It would be hard to find many federal judges more sympathetic to the Trump administration’s immigration policies than Andrew Hanen, a Republican appointee who sits in Brownsville, Texas, on the border with Mexico. From that outpost of the U.S. District Court for the Southern District of Texas, Hanen fulminated against what he saw as the Obama administration’s lax enforcement policies and, in 2015, blocked its effort to shield from deportation millions of undocumented immigrants, including parents of U.S. citizens and other legal residents.

Still, even for Hanen it was too much, and too destructive, to yank similar but existing protections from “dreamers” – young migrants brought to this country by their parents and granted temporary lawful status and work permits in 2012 by the Obama administration’s Deferred Action for Childhood Arrivals policy. In an Aug. 31 ruling that surprised that policy’s advocates and foes alike, Hanen refused a request from nine states, led by Texas, that he halt DACA, a move that would upend the jobs, educations and lives of nearly 700,000 teens, 20- and 30-somethings who have grown up in this country and share every attribute of Americanness save proof of citizenship.

The judge left no doubt that he thinks DACA contradicts statutory and administrative law. The program, he wrote, is “basically identical” to the sound-alike DAPA – Deferred Action for Parents of Americans – which Hanen blocked shortly after it was proposed by the Obama administration. The difference, he noted, is that unlike that more expansive proposal, DACA was implemented and has now been in effect for six years. That’s six years during which people who had no say in how they entered this country lived lives as rooted in the United States as Hanen’s own.

“Here, the egg has been scrambled,” the judge wrote, indisputably. “To try to put it back in its shell . . . does not make sense nor serve the best interests of this country.”

Hanen believes the program, which the Trump administration moved to rescind a year ago, will ultimately collapse under further judicial scrutiny, perhaps in the Supreme Court itself; his opinion may even have hastened that outcome. Ultimately, he said, the solution lies with Congress, where attempts to resurrect DACA, or something more permanent, have been defeated by the broader impasse over immigration policy.

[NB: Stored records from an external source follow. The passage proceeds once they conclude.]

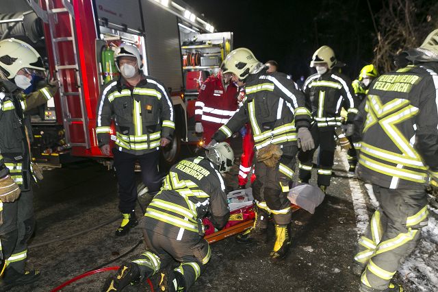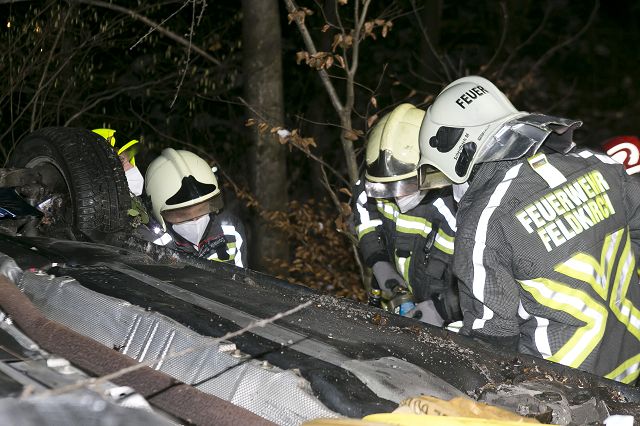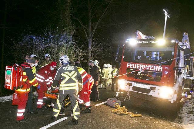 Am Dienstag, den 11. Jänner 2022, um 19.13 Uhr, erfolgte die Alarmierung der Feuerwehren Nofels und Gisingen zu einem schweren Verkehrsunfall in Feldkirch-Nofels. Auf der Bergstraße in Richtung Oberfresch, Höhe Abzweigung Schüttenacker, ist ein Mann mit seinem Fahrzeug abgestürzt und auf dem Dach liegend im steil abfallenden Waldstück hängen geblieben.
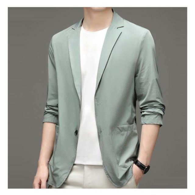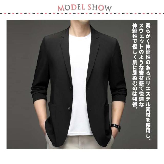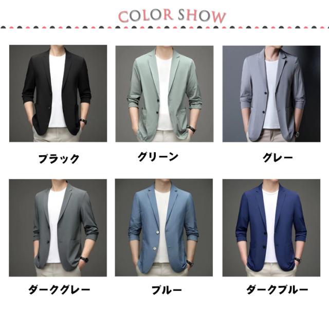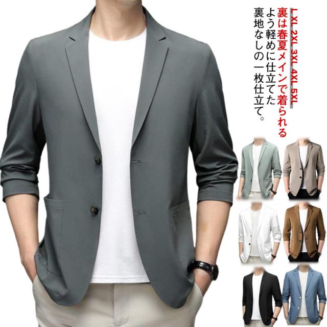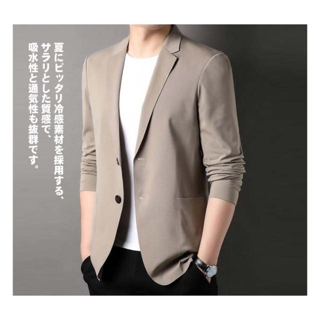 メンズ 無地 スーツジャケット 涼しい 春夏 ライトアウター サマージャケット テーラードジャケット 男性 スーツジャケット 大きいサイズ 長袖 紫外線対策 アイスシルク 無地 涼しい ストレッチ 軽量 おしゃれ カジュアル オフィス 仕事
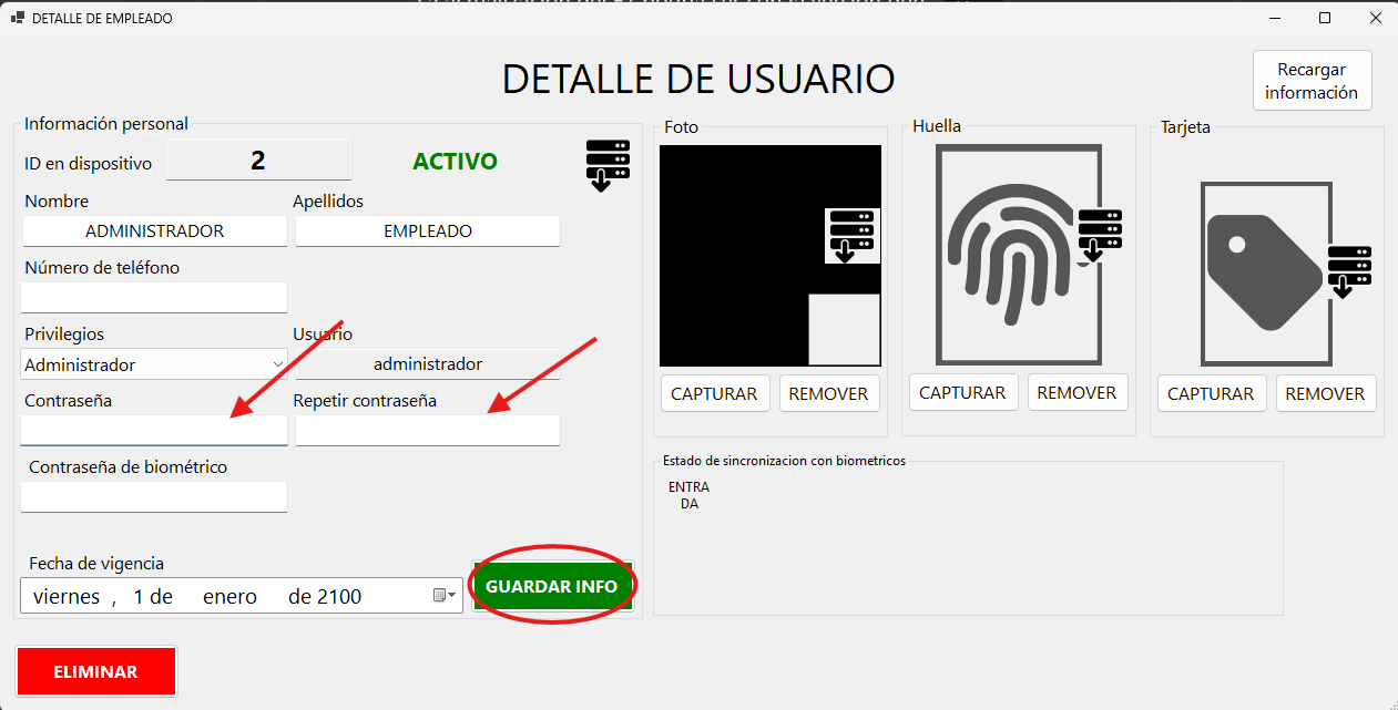 Escribe la nueva contraseña y repítela en los campos marcados y da clic en “GUARDAR” para que se apliquen los cambios.

Despite his hawkish rulings on previous immigration cases, the judge wrote that he agreed with a federal court in Maryland that said the question of whether to allow DACA recipients to “continue contributing their skills and abilities to the betterment of this country is an issue crying out for a legislative solution.” If that is the case, let’s hope public opinion will force Congress’ hand, as it forced President Donald Trump to scrap his cruel policy mandating the separation of families.